# Question to ALL Ferragamo Buyers!



## FMINUS (Jan 9, 2006)

Does anyone who normally wear a D Medium Width go for EE when buying Ferragamos? I have been given this advice by several sales people but I have not given in yet.

Any inputs would be great!


----------



## Bob Loblaw (Mar 9, 2006)

I am wearing ferragamo shoes right now. I have very high arches and instep and probably need a wider shoe - but the regular D width fit me fine.


----------



## rach2jlc (Jan 18, 2005)

I'm also a D width in most all dress shoes and have found that EE Ferragamos are, as you might expect, far too wide for me. I tried on a pair of double monkstraps in EE because they were on sale, but they were far too wide. But, the D width is always just right; I have 4 or 5 pairs that are all D width. If you have a chance to try them on, feel free to try both just to check; if you are ordering them online, I would just go for your regular D width.

John


----------



## Rollo Tomasi (Mar 19, 2006)

Agreed. I wouldn't go for the EE. I go a size up from 9 1/2 to 10 on all my SF shoes.


----------



## JLibourel (Jun 13, 2004)

I am a D width for most shoes. The three pairs of Ferragamos I own are all D width, and all fit well.


----------



## FMINUS (Jan 9, 2006)

I measured the width of my shoes and the Ferragamos seems to be a tad more narrow, but I will take your advice and try on the EE and see which fits better.

I dont know about stepping up to a 10 since Ferragamos are already longer than most shoes/


----------



## Rollo Tomasi (Mar 19, 2006)

> quote:_Originally posted by FMINUS_
> 
> I measured the width of my shoes and the Ferragamos seems to be a tad more narrow, but I will take your advice and try on the EE and see which fits better.
> 
> I dont know about stepping up to a 10 since Ferragamos are already longer than most shoes/


Correct.
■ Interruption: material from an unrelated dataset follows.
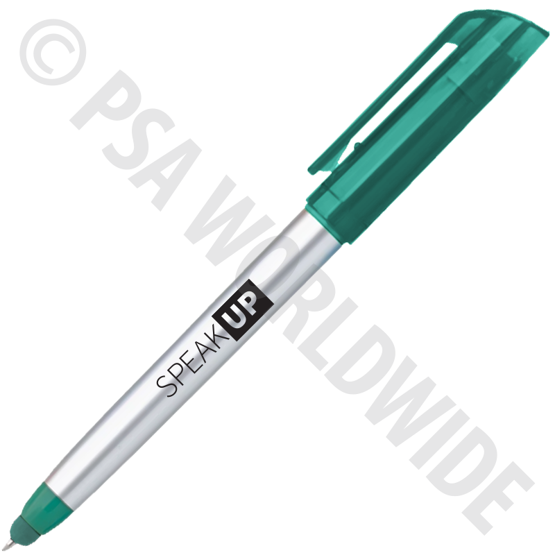 You’ll love our exclusive twist-action, multi-functional stylus pen and highlighter. Features a silver barrel, teal colored highlighter, teal colored stylus, and teal accents. The pen comes with black, medium-point ink. Remove translucent teal cap to reveal the teal colored highlighter. Includes your one-color imprint on barrel.

But remember that for shoes with longer toe boxes like the Nostros, you'll always have that extra space. The important factor for me is that the width isn't too tight. I would rather have some slight slippage on the heel area than tight shoes.


----------



## thirdman (Feb 26, 2006)

I must be the only one on the board to prove your salesman correct, but I have 4 or 5 pair of Feragamos, and they are all EE, as opposed to D in other brands... maybe I'm just borderline between medium and wide, but the EE in Feragamo has always fit much better. Of course its a matter of your comfort. Go into the store and put on a pair then spend time browsing and walking around in them. If they don't feel good, don't get them... they won't 'break in' and feel better later.

The Third Man


----------



## AndreMcGrath (Feb 1, 2006)

I have a number of regular Ferragamos in a 13D, and while they fit fairly well, I find myself thinking twice some mornings before I put them on, knowing that I have some walking to do. I also have a pair of Tremezzas in the 13EE and they are a bit wide. I'm one of those guys, though, who would rather have a shoe on the large side than the narrow side.

Mark


----------



## Jimmy G (Mar 23, 2006)

I've got a pair of Ferragamo tassel loafers in EE that fit me just fine. However, when trying on Tramezza monks - of the same width - my feet were practically floating inside. Which is why I ended up going with Ds. So go figure. 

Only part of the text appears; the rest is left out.